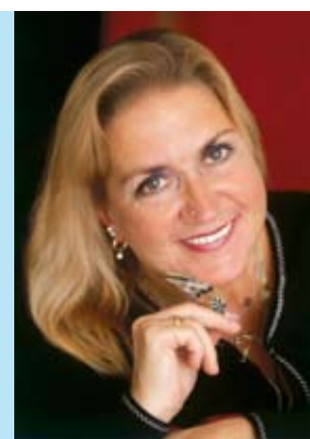
Erkkolan J. H. Klubissa Anja Snellman 19.11.

21.12. klo 18.30 Joululaulujen yhteislaulutilaisuus ja joulurauhan julistus. Vapaa pääsy. Jokelan kirkko, Kouluraitti 11. Järjestää Tuusulan seurakunta. Lisätietoja www.tuusulanseurakunta.fi, p. 040 778 9775.
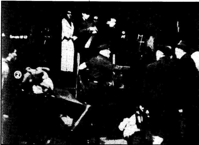
Vertrek uit Westerbork
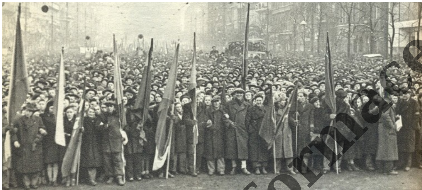
Pražané slaví Vítězný únor 1948...
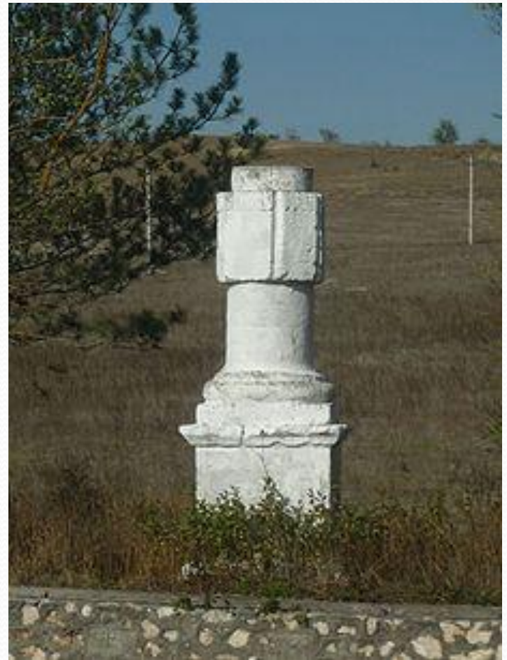
Екатери́нинская ми́ля по трассе Симферополь-Севастополь.

Екатери́нинская ми́ля — памятники истории и архитектуры, дорожные знаки, построенные в 1784—1787 годах на предполагаемом пути следования императрицы Екатерины Великой. Такие знаки были построены по распоряжению князя Григория Потёмкина через каждые 10 вёрст на дороге, по которой императрица должна была проехать с целью осмотра своих новых владений. Дорожные знаки были построены военными из известняка.
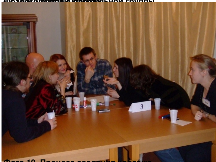
Фото 10. Процесс создания коллажа
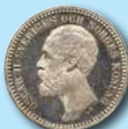
2 kr 1878 "OCH" 84.000:-
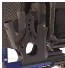
Oparcie z regulacją kąta
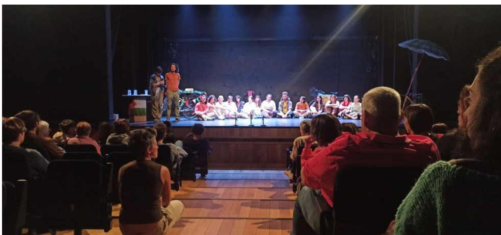
Facilitación del coloquio posterior. Centro Cultural Pilar Miró (28 septiembre 2025)
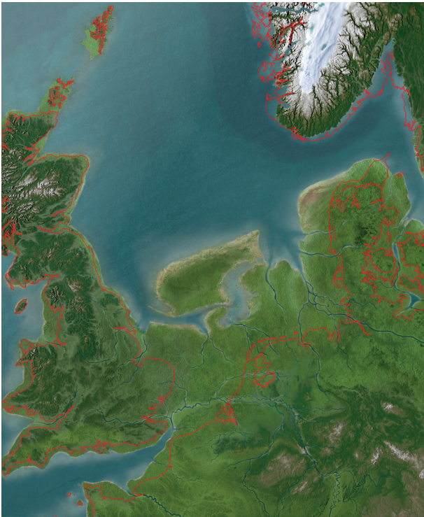
9. Doggerland ca. 10.000 jaar geleden met een zeespiegelstijging van 70 cm per eeuw (Olav Odé/Rijksmuseum van Oudheden).

verdrinkende land wijzen naar 12.000 jaar geleden. Hetzelfde moment waarop hier Doggerland verdwijnt. Zij hebben dus een actieve herinnering aan land dat anders was, besef van een omgeving die leeft en waar zij onderdeel van zijn. Wij niet meer. Archeologie - en met name prehistorische archeologie vormt een krachtige discipline die ons bewust maakt van een dynamische omgeving en gereedschap kan bieden voor het hervinden van een nieuwe relatie daarmee. Leidse initiatieven zoals Archeologists4Future bieden plaats voor dit soort discussies en zijn zeer toe te juichen.
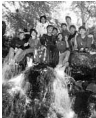
やまびこ学園生による溪流探検の様子 (登った滝の上で記念撮影) 6月23日作畑(越知川支流)にて

夏休み短期山村留学 2期 8月17～22日(5泊6日) 第2回週末ミニ山村留学 9/15(土)～17(月)(2泊3日) この他、夏休み短期1期(4泊5日) 長期ふるさと体験留学(13泊14日)の受付は終了しました。秋以降の週末、冬休み、春休みの企画も、募集開始次第、広報・ホームページ等でお知らせ致します。
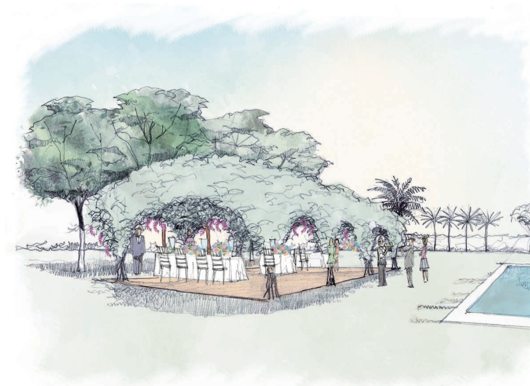
The Wisteria Retreat

Cuéntenos su idea y permítanos asesorarle en la confección de veladas y encuentros imaginativos y elegantes con los que agasajar a sus invitados, presentar un producto, servicio o sencillamente vestir un día especial.
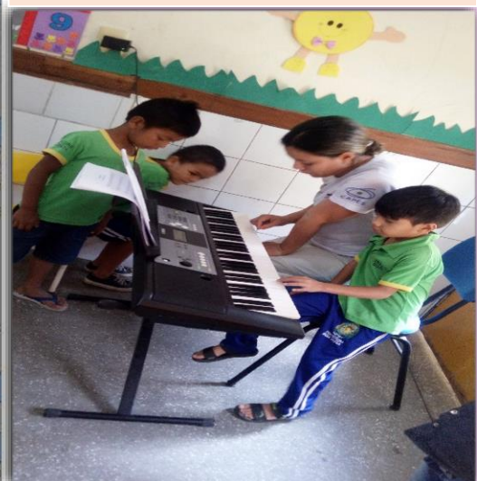
Alunos do 2º Período “B” experiência musical com teclado
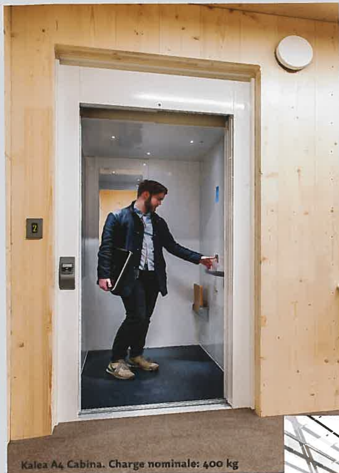
Kalea A4 Cabina. Charge nominale: 400 kg

Le Kalea Cabina s'installe dans une gaine maçonnée existante. Avec sa cabine fermée, ses portes télescopiques et ses commandes automatiques, il ressemble trait pour trait à un ascenseur traditionnel, pourtant la différence est bien réelle.
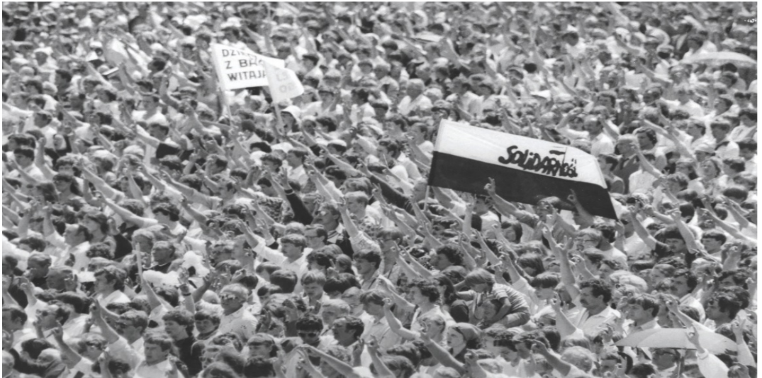
Druza pielgrzymka Jana Pawła II do Polski; Msza św. beatyfikacyjna m. Urszuli Ledóchowskiej, Poznań, 1983 r.

https://przystanekhistoria.pl/pa2/tematy/solidarnosc/85631,Solidarnosc-relacja-miedzyosobowa.html
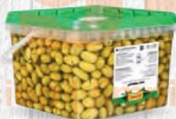
ZAMBUDIO ACEITUNAS PARTIDAS CHUPADEO Bote 4,5 kg. Cod: 2642
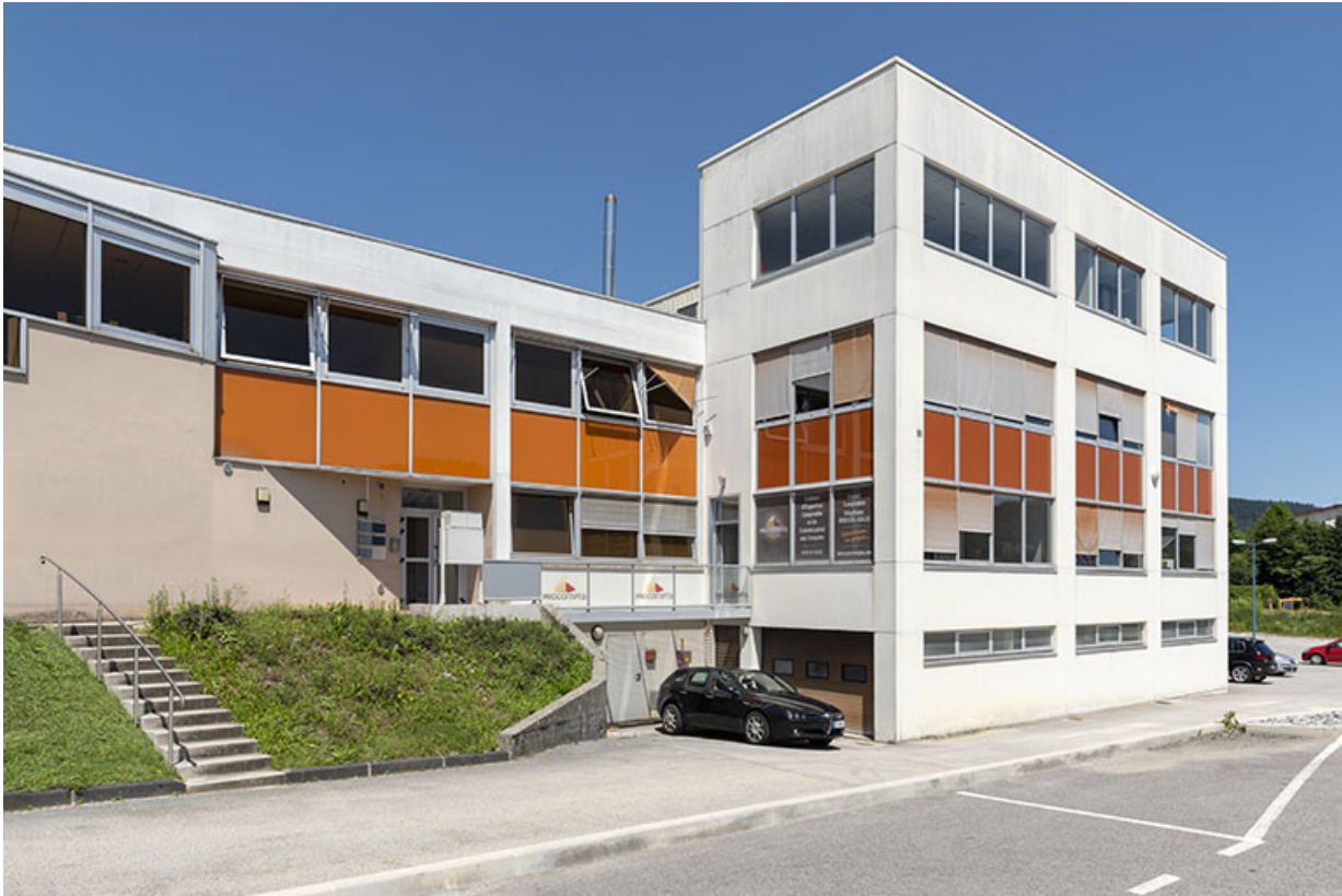
Façade est, de trois quarts gauche.
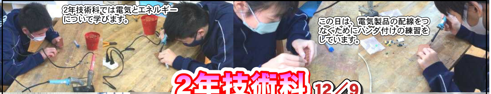
2年技術科では電気とエネルギーについて学びます。

Directions:
Write out the lines of the material above exactly, from its first line through the line that contains "Екатери́нинская ми́ля по", so that no picture appears in the copy.

Task solution:
Erkkolan J. H. Klubissa Anja Snellman 19.11.

21.12. klo 18.30 Joululaulujen yhteislaulutilaisuus ja joulurauhan julistus. Vapaa pääsy. Jokelan kirkko, Kouluraitti 11. Järjestää Tuusulan seurakunta. Lisätietoja www.tuusulanseurakunta.fi, p. 040 778 9775.
Vertrek uit Westerbork
Pražané slaví Vítězný únor 1948...
Екатери́нинская ми́ля по трассе Симферополь-Севастополь.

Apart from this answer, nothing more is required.